** Opening MATERIAL PROVIDED block **

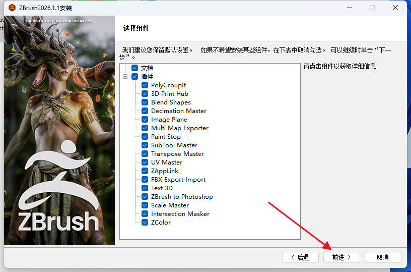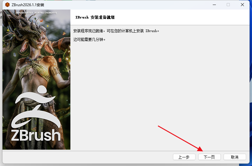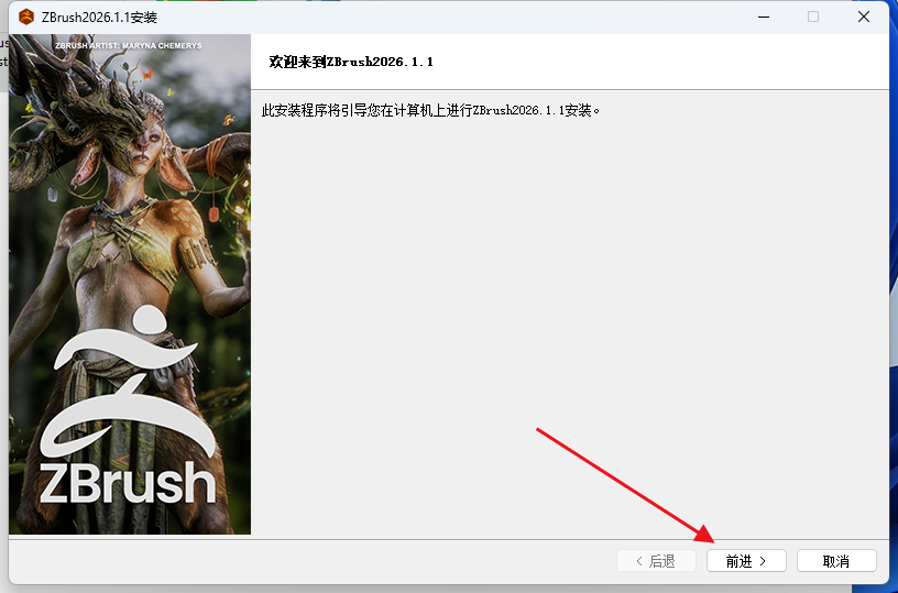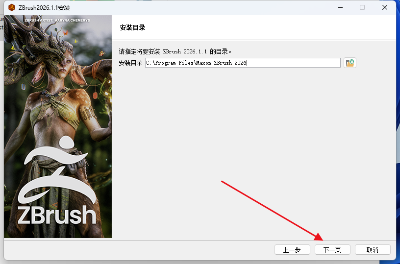 双击安装Maxon_ZBrush_2026.1.1_Installer.exe,不要安装到中文路径下,完成
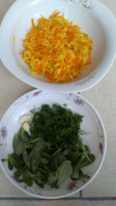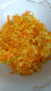 - Öncelikle rendelenmiş havuç ve kabağı bir tavada zeytinyağı ile soteleyelim.. Ardından soğumaya bırakalım.
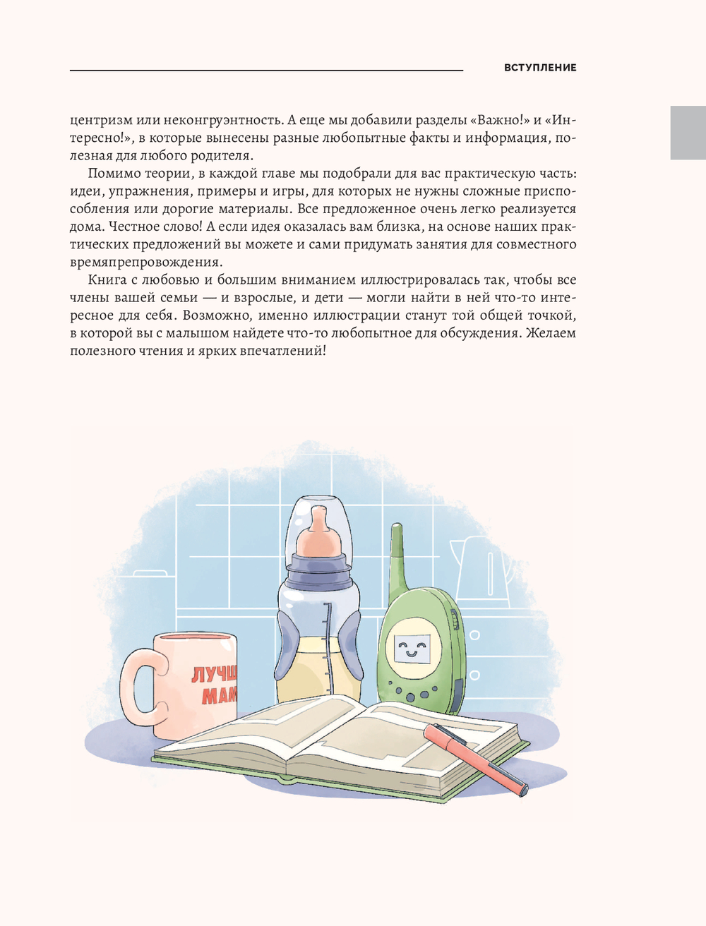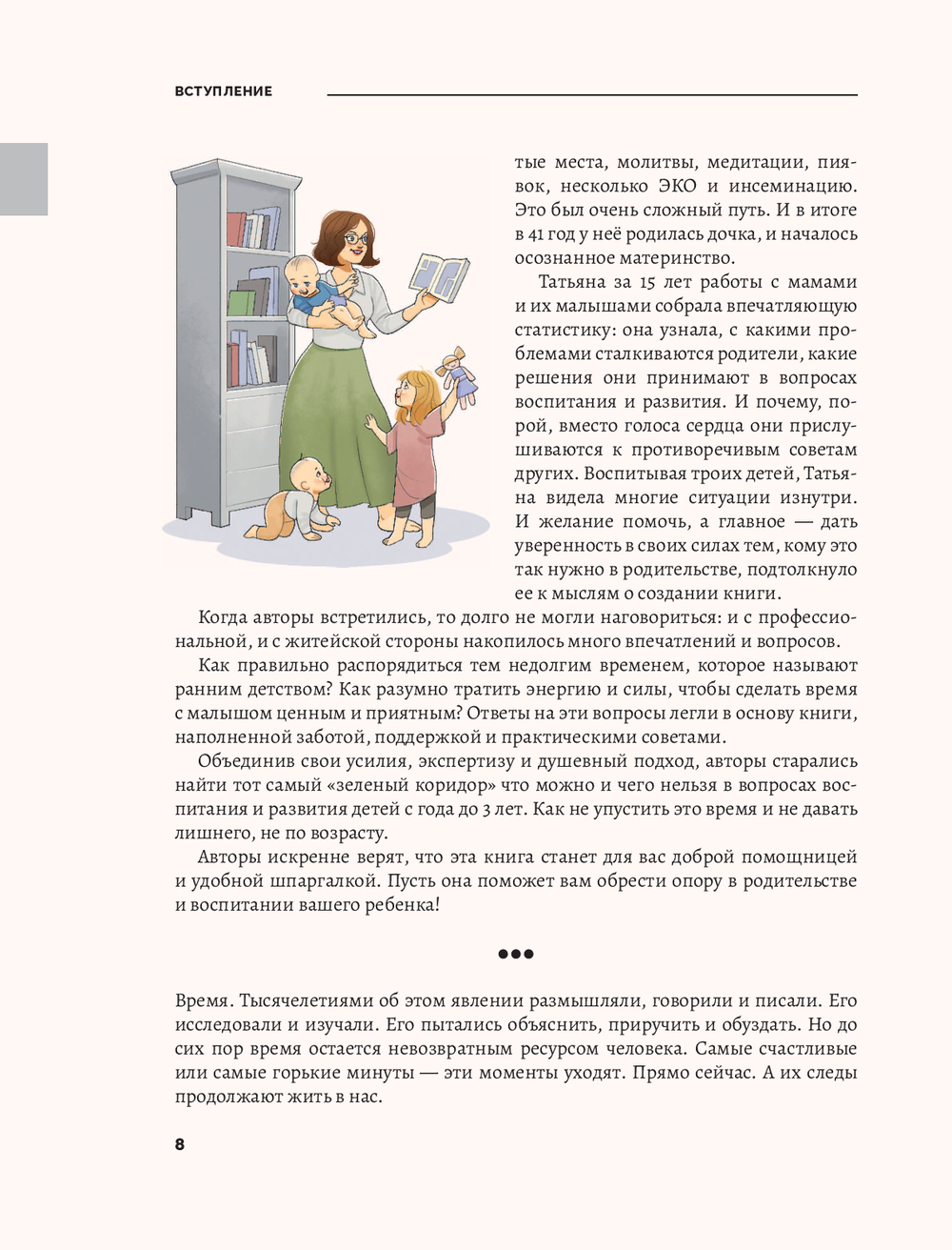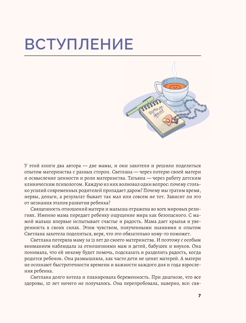 Книга написана и отрисована живыми людьми, без какой-либо помощи искусственного интеллекта. Выверенные иллюстрации являются ее особенностью. Рисунков очень много, чтобы при желании можно было вместе с малышом изучать окружающий его мир. Книга пронизана заботой о ребенке и может стать настоящей инструкцией для родителей. Это отличный подарок для любой мамы!

** Closing MATERIAL PROVIDED block **

# AIM OF THE TASK
Leave the images out and transcribe the remaining data above word for word.

# WRITTEN SOLUTION
 双击安装Maxon_ZBrush_2026.1.1_Installer.exe,不要安装到中文路径下,完成
 - Öncelikle rendelenmiş havuç ve kabağı bir tavada zeytinyağı ile soteleyelim.. Ardından soğumaya bırakalım.
 Книга написана и отрисована живыми людьми, без какой-либо помощи искусственного интеллекта. Выверенные иллюстрации являются ее особенностью. Рисунков очень много, чтобы при желании можно было вместе с малышом изучать окружающий его мир. Книга пронизана заботой о ребенке и может стать настоящей инструкцией для родителей. Это отличный подарок для любой мамы!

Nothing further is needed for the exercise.